The side effects are the dreams the NyQuil gives me. We won't get into the one the other night that involved Gene Simmons and Paul Stanley of Kiss (and Dr. Pepper) nakedly wandering into my room.

Last night was a real trip. I found out that Sammy Davis, Jr. was murdered and his body was being kept in a tomb. He had been mummified and a girl who may or may not have been Alison Brie led me to the tomb for a reason that I'm forgetting at the moment.

So Sammy Davis, Jr's mummified corpse is in this large room that was padded with tons of red pillows. And you could climb up there and look at him if you liked. So I did. He was interred alongside some other female movie star that I'm also forgetting at the moment.

The whole thing made me think - upon waking - that maybe Sammy Davis had been murdered. Turns out it's not true. He died from throat cancer in 1990 at the age of 64.

Julekalender - 8 Dec.

Sometimes, you just have to speak the truth. And sometimes the truth is that all of the things are going in the same direction.

Incidentally, I find that I'm doing many of these nightly drawings while watching Conan on television. The drawings have nothing to do with anything I'm watching, but it's funny to look back on some of them and remember not what I was thinking about while I was drawing, but what was on the show I was watching.

Like the Kardashians. They're terrible. And their interview on Conan was about as big a trainwreck as I've seen on recent late-night television. (And I saw Harrison Ford's pseudo[?]-stoned appearance on Conan.) And all I remember is their stupid tangents and not why I drew a calendar and a thoughtful fish on December 2nd.

And I've started several sentences with "and."

Wednesday, December 8, 2010

Julekalender - 7 Dec.

Hanukkah is almost over. So there's that. And then vacation will be here. Vacation's a good thing. So is Hanukkah. So is sunshine. Today we have all three.

Tuesday, December 7, 2010

Julekalender - 6 Dec.

I wish that there was a giant dispenser of nog. At school. All the time. It'd be heaven.

Monday, December 6, 2010

Julekalender - 5 Dec.

Ah, the first cold of the holiday season. Not the outside cold type of cold. The head variety. Small drawing to accommodate the lethargy of lying on the couch while your sinuses do their thing. Better to be ill now than in a few weeks when your time is truly free.

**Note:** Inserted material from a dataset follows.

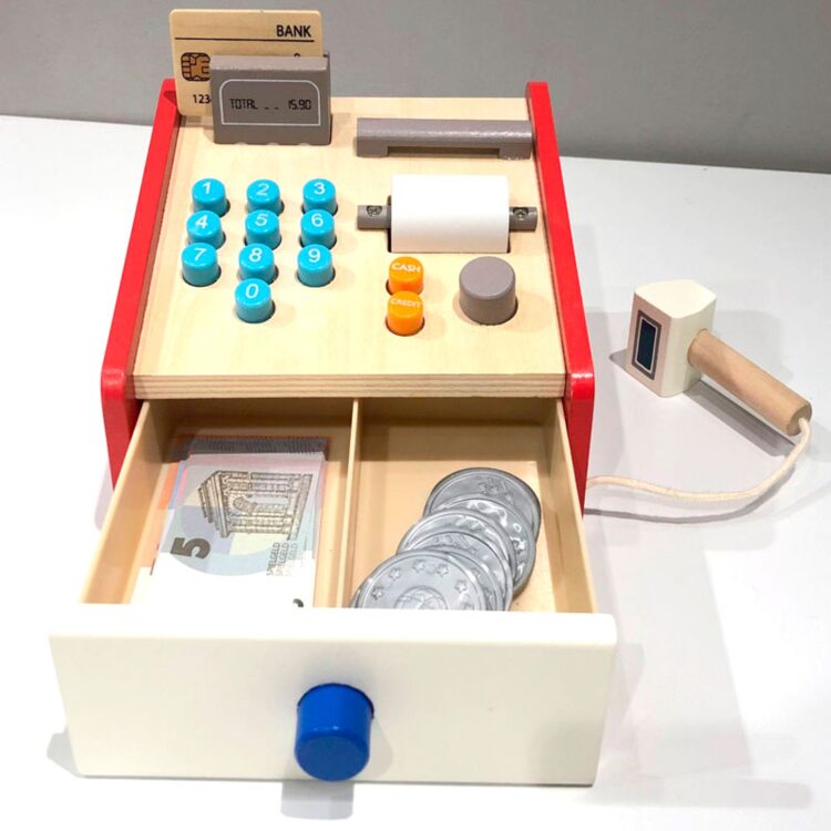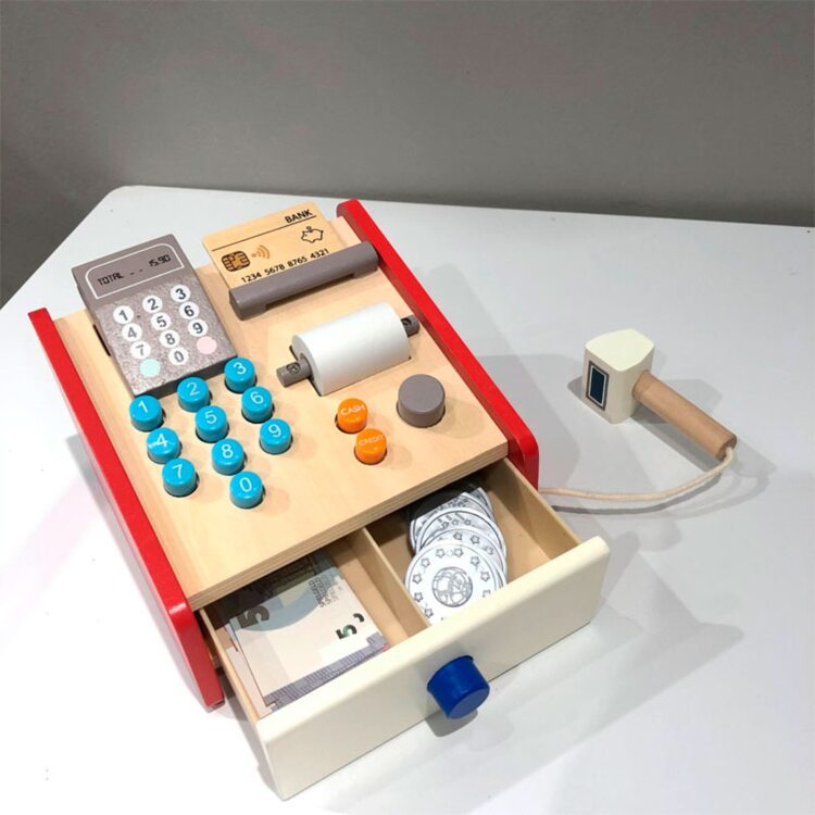 Устроим супермаркет у себя дома. Ваш малыш сможет стать настоящим кассиром. Кассовый аппарат имеет все необходимые функции: устройство для считывания штрихкода, оплата наличными или безналичный расчет, выдача чека. С таким аппаратом, ребенок в игровой форме научится считать, суммировать или вычитать (давать сдачу).

(It's supposed to be an ice pack.)

Saturday, December 4, 2010

Friday, December 3, 2010

Julekalender - 2 Dec.

Christmas carp. Hanukkah halibut. Kwanzaa koi. Diwali danio. Festivus flounder. Solstice sole. Yuletide yellowfin.

Ok, I'm done. More tomorrow.

I've also decided all of the pieces for Julekalender will be drawings. I don't draw enough. So that's what I'm going to do.

Thursday, December 2, 2010

Julekalender - 1 Dec.

Tune in every day for a new piece. This will go on until 24 December. Not every piece will be holiday themed, but I'll get to some eventually.

Monday, November 29, 2010


While looking into the history of the Advent Calendar, I stumbled upon a blurb about Advent Calendar-styled television shows in Scandinavian countries. What a revelation. The shows are usually holiday-themed, no doubt.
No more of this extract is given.